Полное имя: Вальбурга Элладора Блэк | Walburga Elladora Black.  сокращения невозможны.
Возраст: 53 года. 1 декабря 1925
Факультет и год окончания: Слизерин, 1944
Род деятельности: мать и вдова. слово «домохозяйка» воспринимает как оскорбление.
Статус крови: toujorus pur.

Цвет глаз: карие
Цвет волос: темно-русые.
Рост: 5 футов 8 дюймов (173 см)
Особые приметы:
Густые темные волосы с проседью, старательно скрываемой под слоем краски, обрамляют уже немолодое, но по-своему красивое лицо. Вальбурга не может обмануть время и избавить себя от признаков старения полностью, но она может обмануть свою кожу, зеркала и чужие глаза, причем не столько посредством заклинаний и умелого использования декоративной косметики, сколько тщательным уходом за собой: настоек, сывороток и эликсиров ей для этих целей известно предостаточно.
Умело скрывает в тугих корсажах ставший от родов и возраста совсем не привлекательным живот; подчеркивая прелести женской фигуры, в особенности сохранившую форму грудь, никогда не выглядит вульгарно. Предпочитает строгую классику, мантии не слишком любит за ощущение скованности и ассоциацию с монахами.
Отличается величественной осанкой и гордо вздернутым подбородком, смерть мужа и предательство сына не смогли превратить её в согбенную старушку.

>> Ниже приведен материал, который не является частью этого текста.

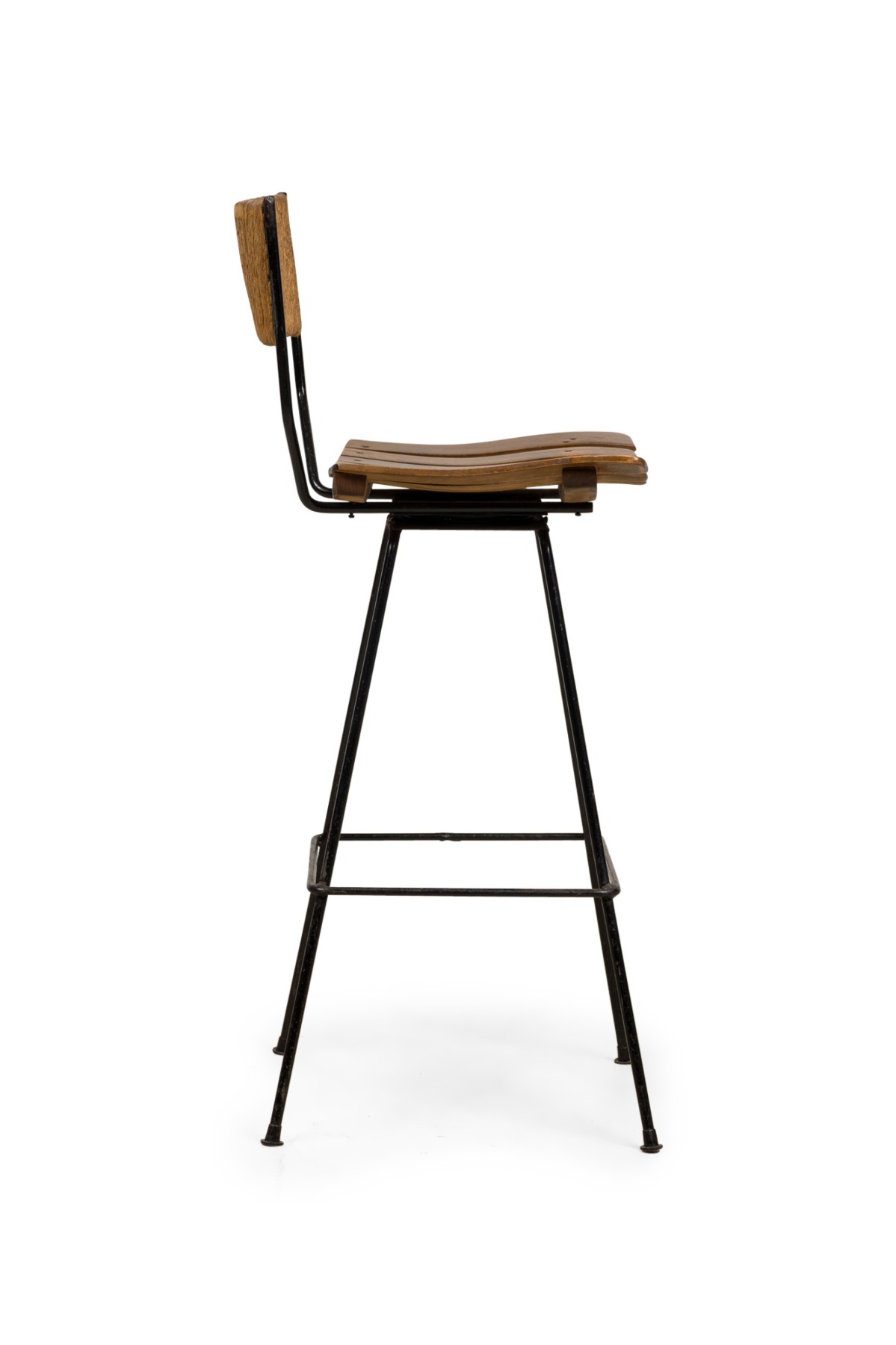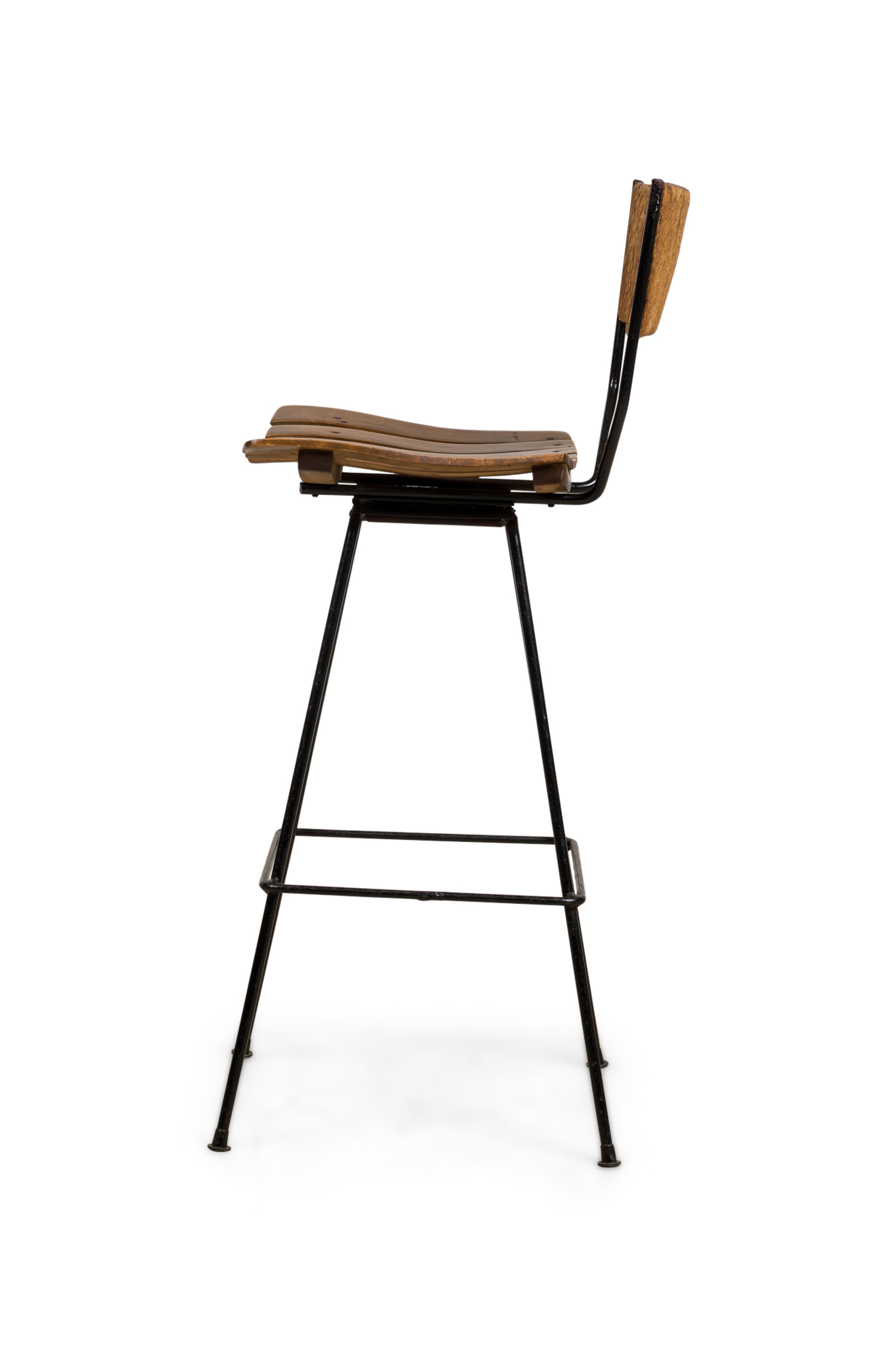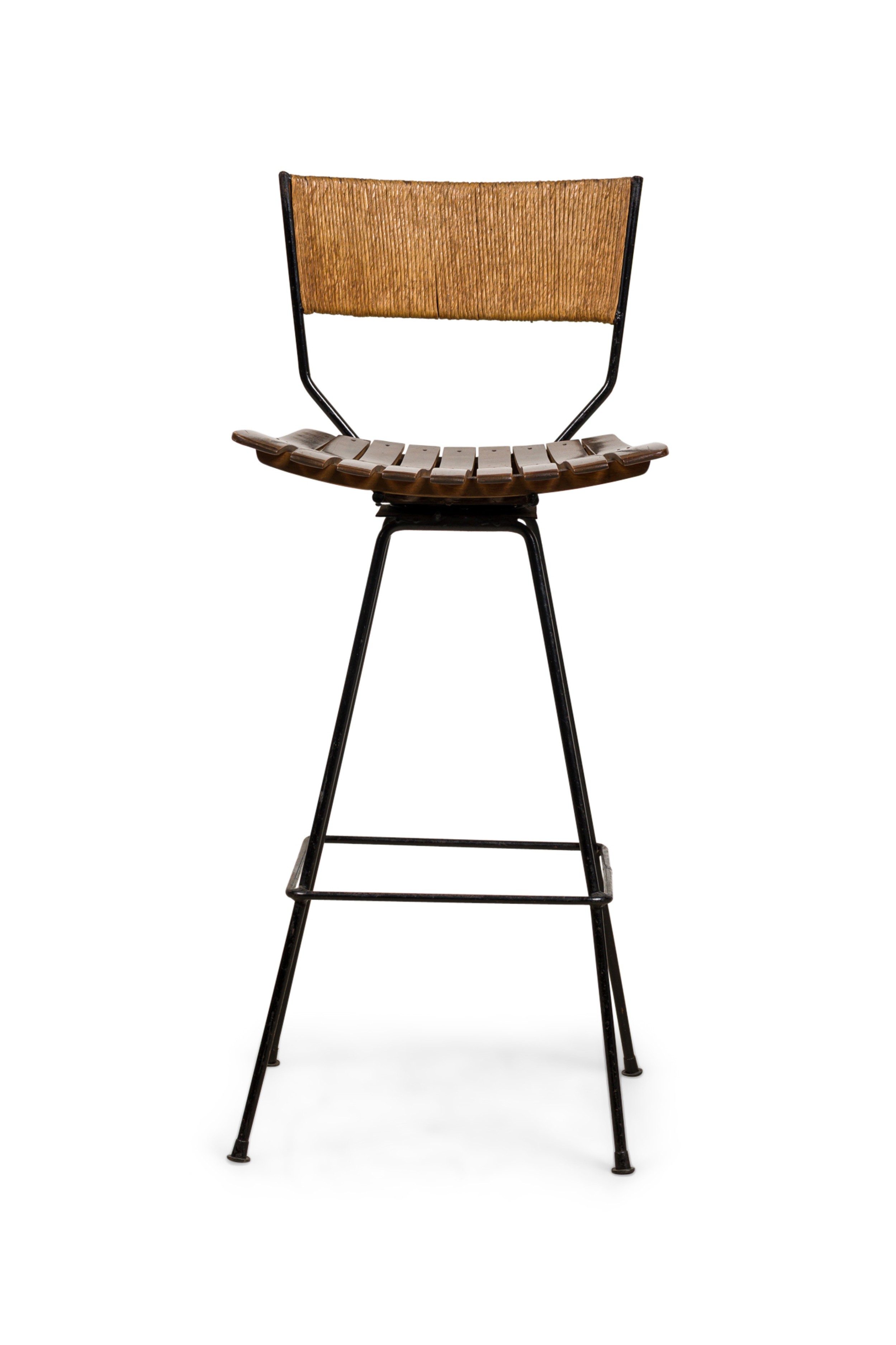 10 American Mid-Century slatted wooden swivel seat bar stools with woven rush backs and wrought iron frames. (PRICED EACH)

Взгляд карих глаз – надменный, колючий, жесткий, а темные брови вразлет, как правило, слегка сдвинутые к переносице, лишь усиливают эффект; в ореховых глазах Вальбурги нет ни толики тепла, взгляд же смягчается лишь изредка при обращении к сыну, любимой племяннице, брату; губы с четкими контурами, если не призывают проклятия на маггловское отродье и выжженных с древа предателей крови, плотно сжаты.
У мадам Блэк тонкие запястья и лодыжки, пальцы как на руках, так и на ногах выглядят слишком длинными, знакомые имели обыкновение сравнивать их с когтями, что, впрочем, от истины недалеко, ибо царапалась Вальбурга в девичестве отменно.

Общее описание:
родители: Поллукс Блэк и Ирма Блэк (Крэбб)
муж: Орион Арктурус Блэк
родной брат: Сигнус Блэк
сын: Регулус Арктурус Блэк
племянницы: Беллатрикс Лейстрейндж, Нарцисса Малфой
все неугодные вычеркнуты и забыты.

Apocalyptica – Beyond Time

Святая.
Вальбурга святая. Неприкасаемая.
Покровительница моряков, влюбленная в море, поставленная на пьедестал, на ступень выше других.
Вальбурга знает: она – лучше многих.
Вальбурга знает, что до небес возносятся, очевидно, лишь для того, чтобы упасть в беспросветную бездну.
Вальбурга боится высоты, хоть никому и никогда этого не показывала, только сжимала перила  и руку брата – а позже мужа – так, что судорогой сводило пальцы, дышала медленно и глубоко, чуть прикрывая глаза.
Вальбурга боится упасть и не суметь подняться, оказаться беспомощной, показать свою слабость; случайно обнажить душу, ту, что прятала за выглаженными мантиями, расправленными плечами, вскинутым подбородком, за холодными улыбками и отточенными жестами.
Вальбурга боится обернуться, посмотреть назад, посмотреть вниз, увидеть череду своих ошибок, ошибок, которые она как разумная и умудренная жизнью женщина способна осознать, которые она в силу собственной гордости не способна признать и принять.
Она ставит новые цели, дальше и больше, чтобы было куда идти, чтобы было к чему стремиться, чтобы можно было не думать, от чего бежать; в собственных амбициях прячется от страхов, взбираясь выше и выше, отчаянно цепляясь за каменные уступы, пряча разодранные в кровь ладони в складках темно-красного, цвета выдержанного бургундского вина, платья, ведя за собой близких.
Вальбурга – лидер, ей нужно идти, ей нужно, чтобы за ней шли, идти за кем-то сама она не умеет, идти на компромисс она не умеет, уступать - тоже. Любое неповиновение подавляется быстро и жестко, Вальбурга в отношении власти не знает полутонов и доходит до крайности, и поскольку «ничего» совершенно неприемлемо, остается только «все». И это все – только ей, ей одной.
Судьба с рождения смеется над генералом в юбке.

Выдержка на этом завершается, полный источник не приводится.